→ WHAT IS EXPECTED: Exact transcription with no images: write out all of the entries below.

*** EXTRACTED RECORDS Section Begins ***

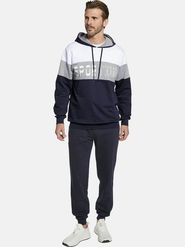 BABISTA begeistert seit 30 Jahren modebewusste Männer mit dem Gespür für Qualität.Der Freizeitanzug ORENZA ist das ultimative Duo für Komfort und Stil. Nicht nur extrem bequem, sondern auch mit einem Hauch von Lässigkeit ausgestattet, eignet er sich perfekt für entspannte Tage, sei es im Sportclub oder zu Hause. Das Oberteil überzeugt mit seinen elastischen Bündchen und erhält durch die Kapuze mit Kordel sowie den sportlichen Print auf der Brust ein stylisches Aussehen. Die dazu passenden Kontraste verleihen dem Ganzen einen lockeren, modischen Touch. Die Hose ist nicht weniger beeindruckend: Sie bietet praktische Eingrifftaschen, einen dehnbaren Bund mit Kordelzug und elastische Bündchen an den Beinen, was einen außergewöhnlichen Tragekomfort sicherstellt. Mit dem Freizeitanzug ORENZA erleben Sie ein Rundum-Wohlgefühl, das von Kopf bis Fuß reicht und Ihnen gleichzeitig einen stilvollen Look garantiert. Material 100% Baumwolle.
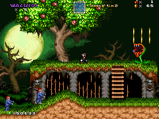 This level takes place in a graveyard century with some forest and hills on the far side on the moon in the center. This is where Sir Arthur started his adventure in the Ghosts 'n Goblins series after Princess Prin-Prin got kidnapped by the demon King Astaroth and his undead army, requiring Arthur to go save her.
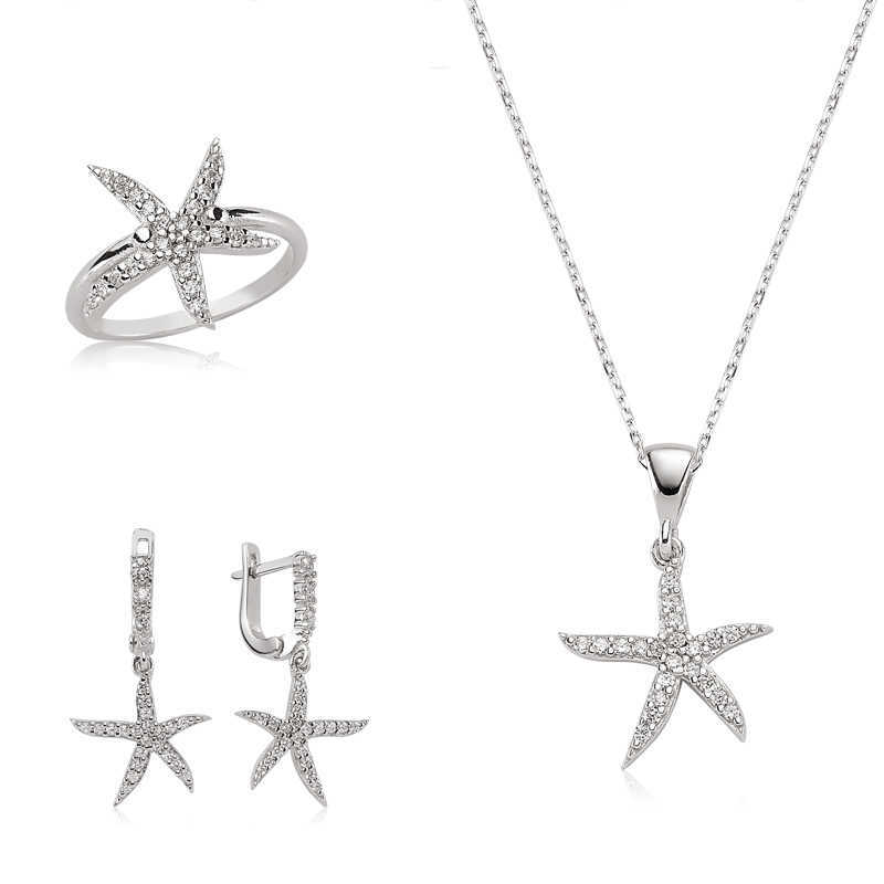 Silver Starfish Women's Set Starfish; It symbolizes divine love, divine guidance, inspiration, brightness and hope. May your soul be filled with hope and love with the starfish that fell from the sky into the seas. Silver starfish set is a gift option that anyone who wants to make their wife, mother, girlfriend, daughter or friend happy can buy. It is made of 925 sterling silver. It is rhodium plated on silver. Rhodium plated products retain their shine for a long time and oxidation is delayed. The stones on it are zircon. The average chain length is 45 cm. All of our products are produced by hand. Due to silver and precious stones, there may be a deviation of ± 10% in the stated average product weight. Cover. Weight: 9.00 gr.
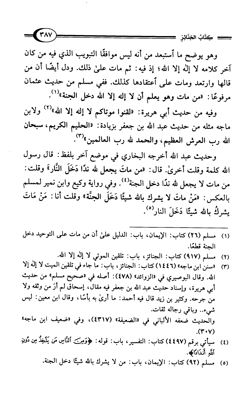 (¬5) مسلم (92) كتاب: الإيمان، باب: من لا يشرك بالله شيئًا دخل الجنة.
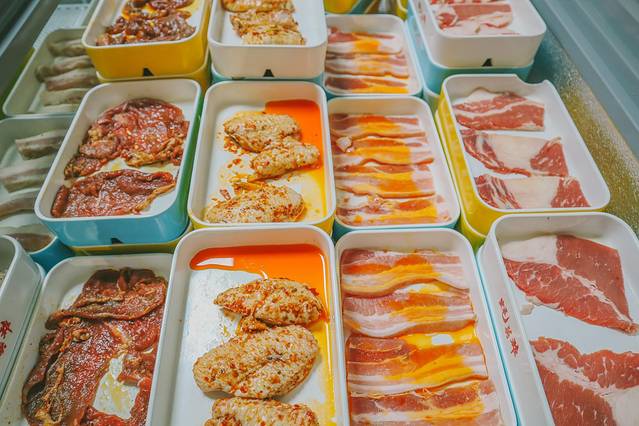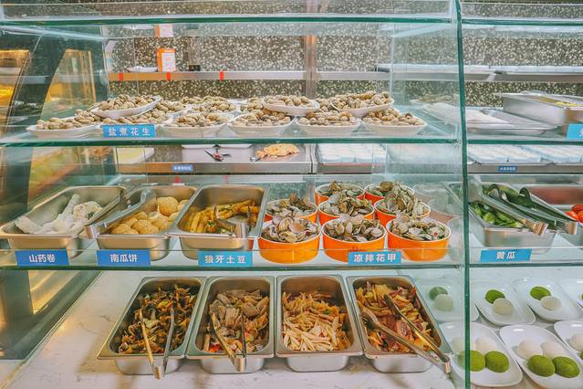 除此之外,还有其他区域很多丰富的菜品可供选择:海鲜区的扇贝与基围虾,荤菜区的厚切五花肉、精选排骨、新鲜牛肉、脑花等等,素菜区的生菜、洋葱、馒头片,以及各类凉菜与点心,所有的菜品都不限量!
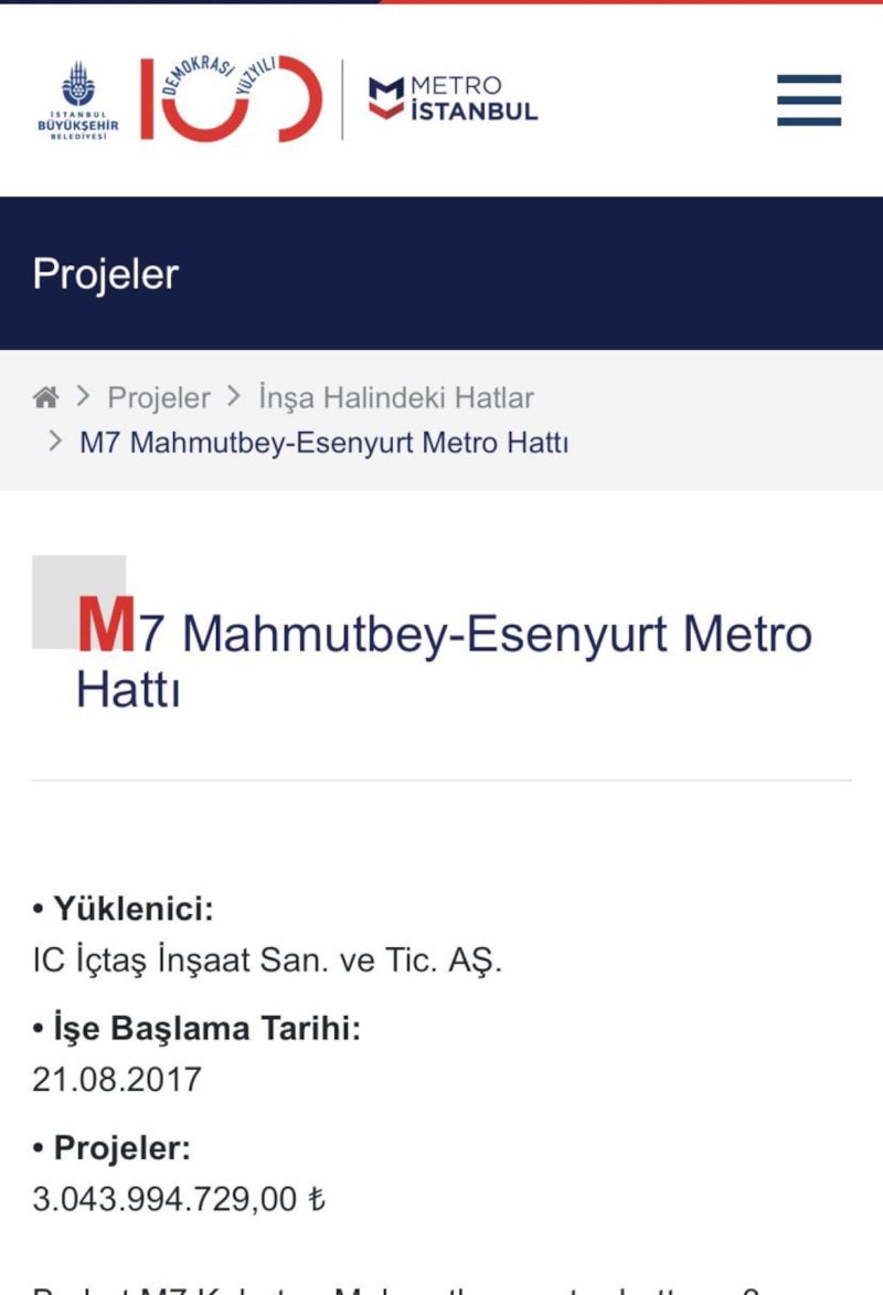 İBB'nin sitesinden elde edilen verilere göre Mahmutbey-Esenyurt Metro Hattı'nın temelinin 2017 yılında atıldığı ortaya çıktı.

*** EXTRACTED RECORDS Section Ends ***

→ TASK SOLUTION:
 BABISTA begeistert seit 30 Jahren modebewusste Männer mit dem Gespür für Qualität.Der Freizeitanzug ORENZA ist das ultimative Duo für Komfort und Stil. Nicht nur extrem bequem, sondern auch mit einem Hauch von Lässigkeit ausgestattet, eignet er sich perfekt für entspannte Tage, sei es im Sportclub oder zu Hause. Das Oberteil überzeugt mit seinen elastischen Bündchen und erhält durch die Kapuze mit Kordel sowie den sportlichen Print auf der Brust ein stylisches Aussehen. Die dazu passenden Kontraste verleihen dem Ganzen einen lockeren, modischen Touch. Die Hose ist nicht weniger beeindruckend: Sie bietet praktische Eingrifftaschen, einen dehnbaren Bund mit Kordelzug und elastische Bündchen an den Beinen, was einen außergewöhnlichen Tragekomfort sicherstellt. Mit dem Freizeitanzug ORENZA erleben Sie ein Rundum-Wohlgefühl, das von Kopf bis Fuß reicht und Ihnen gleichzeitig einen stilvollen Look garantiert. Material 100% Baumwolle.
 This level takes place in a graveyard century with some forest and hills on the far side on the moon in the center. This is where Sir Arthur started his adventure in the Ghosts 'n Goblins series after Princess Prin-Prin got kidnapped by the demon King Astaroth and his undead army, requiring Arthur to go save her.
 Silver Starfish Women's Set Starfish; It symbolizes divine love, divine guidance, inspiration, brightness and hope. May your soul be filled with hope and love with the starfish that fell from the sky into the seas. Silver starfish set is a gift option that anyone who wants to make their wife, mother, girlfriend, daughter or friend happy can buy. It is made of 925 sterling silver. It is rhodium plated on silver. Rhodium plated products retain their shine for a long time and oxidation is delayed. The stones on it are zircon. The average chain length is 45 cm. All of our products are produced by hand. Due to silver and precious stones, there may be a deviation of ± 10% in the stated average product weight. Cover. Weight: 9.00 gr.
 (¬5) مسلم (92) كتاب: الإيمان، باب: من لا يشرك بالله شيئًا دخل الجنة.
 除此之外,还有其他区域很多丰富的菜品可供选择:海鲜区的扇贝与基围虾,荤菜区的厚切五花肉、精选排骨、新鲜牛肉、脑花等等,素菜区的生菜、洋葱、馒头片,以及各类凉菜与点心,所有的菜品都不限量!
 İBB'nin sitesinden elde edilen verilere göre Mahmutbey-Esenyurt Metro Hattı'nın temelinin 2017 yılında atıldığı ortaya çıktı.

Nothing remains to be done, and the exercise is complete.